Add and delete choice element.

>>> import xmltool
>>> movies = xmltool.load('examples/tutorial1.xml')
>>> movie = movies['movie'][0]
>>> c1 = movie.add('good', 'Good movie')
>>> print movies
<movies>
  <movie>
    <title>Titanic</title>
    <realisator>Cameron James</realisator>
    <characters>
      <character>Leonardo DiCaprio</character>
      <character>Kate Winslet</character>
    </characters>
    <good>Good movie</good>
  </movie>
</movies>

>>> print movie['good'].text
Good movie
>>> movie.add('bad')
Traceback (most recent call last):
Exception: good is defined so you can't add bad
>>> movie['good'].delete()
>>> bad = movie.add('bad')
>>> print movies
<movies>
  <movie>
    <title>Titanic</title>
    <realisator>Cameron James</realisator>
    <characters>
      <character>Leonardo DiCaprio</character>
      <character>Kate Winslet</character>
    </characters>
    <bad></bad>
  </movie>
</movies>

List choice element

We will add a good-comment and a bad-comment

>>> import xmltool
>>> movies = xmltool.load('examples/tutorial1.xml')
>>> movie = movies['movie'][0]
>>> c1 = movie.add('good-comment', 'My comment 1')
>>> c2 = movie.add('bad-comment', 'My comment 2')
>>> print movies
<movies>
  <movie>
    <title>Titanic</title>
    <realisator>Cameron James</realisator>
    <characters>
      <character>Leonardo DiCaprio</character>
      <character>Kate Winslet</character>
    </characters>
    <good-comment>My comment 1</good-comment>
    <bad-comment>My comment 2</bad-comment>
  </movie>
</movies>

>>> movies.write()

Since {good,bad}-comment is a choice list it’s a bit different to access, a property named list__tag1_tag2_... is automatically create.

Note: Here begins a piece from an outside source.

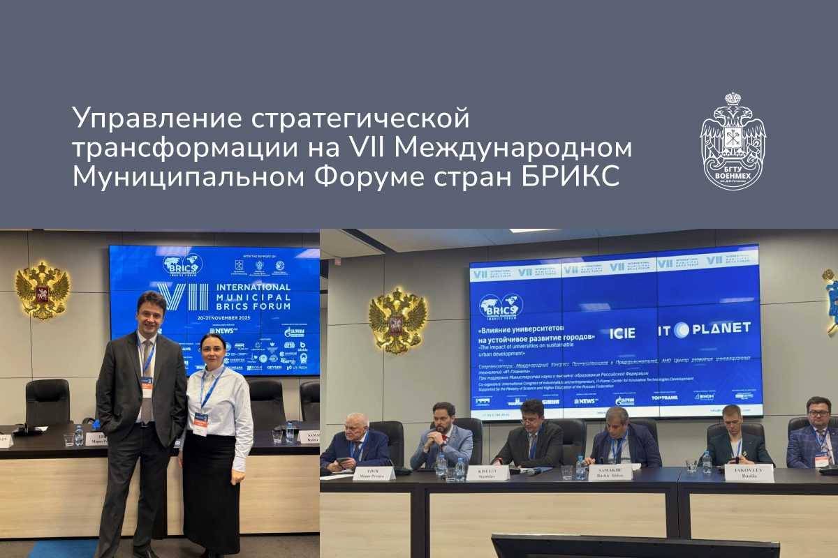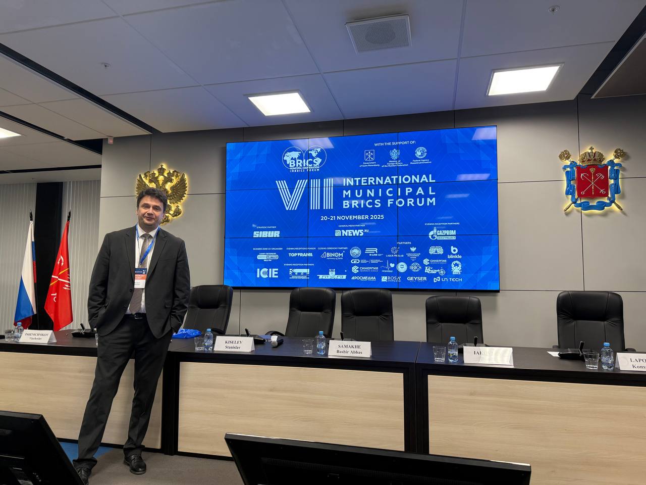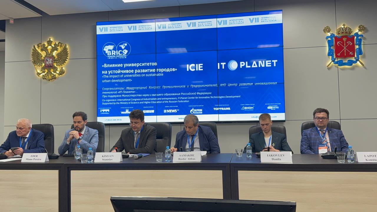 20 ноября Управление стратегической трансформации в лице его начальника Киселева Станислава Борисовича и Медведевой Ольги Евгеньевны, руководителя Центра технологического предпринимательства, посетили блок «Образование, наука и инновации» VII Международного муниципального форума стран БРИКС+. На экспертной сессии Станислав Борисович Киселёв выступил с докладом «Вклад университетов в устойчивое развитие городов».
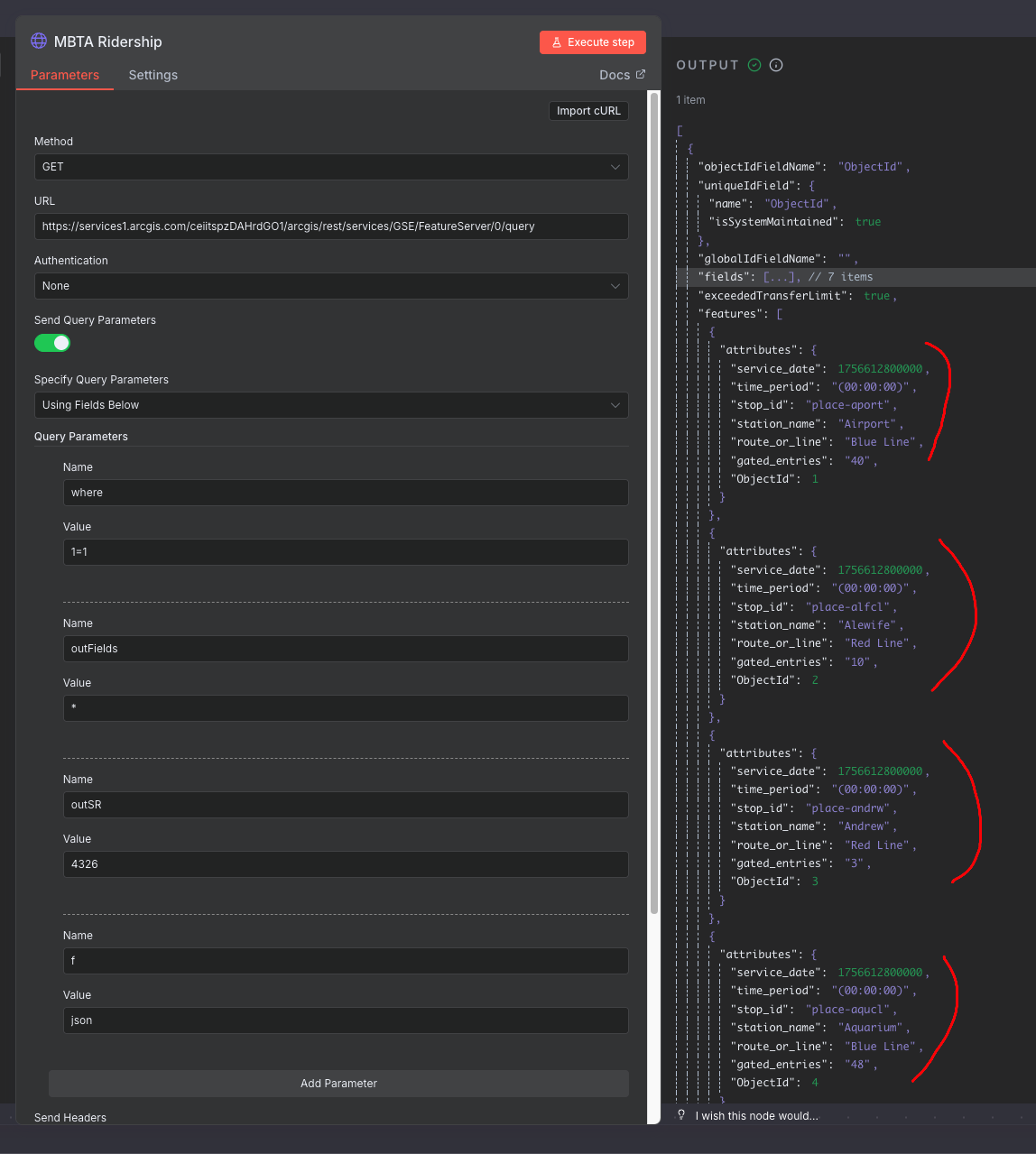 Hello, I am new to N8N and am using an HTTP call to access data from Boston’s MBTA and local weather data, but when the data comes in it isn’t in useful table format like it is in the original source. I have been trying to Set fields, split out, etc but have been unsuccessful. Does anyone know how to fix this? Code attached here.

For this example it’s list__good-comment_bad-comment.

>>> import xmltool
>>> movies = xmltool.load('examples/tutorial1.xml')
>>> comments = movies['movie'][0]['list__good-comment_bad-comment']
>>> print comments[0].text
My comment 1
>>> print comments[1].text
My comment 2

Migration

When the dtd has been updated, if there are some new required elements, we have to update the XML files as well. Since we can load an existing XML file without validating it, it’s very easy to update it.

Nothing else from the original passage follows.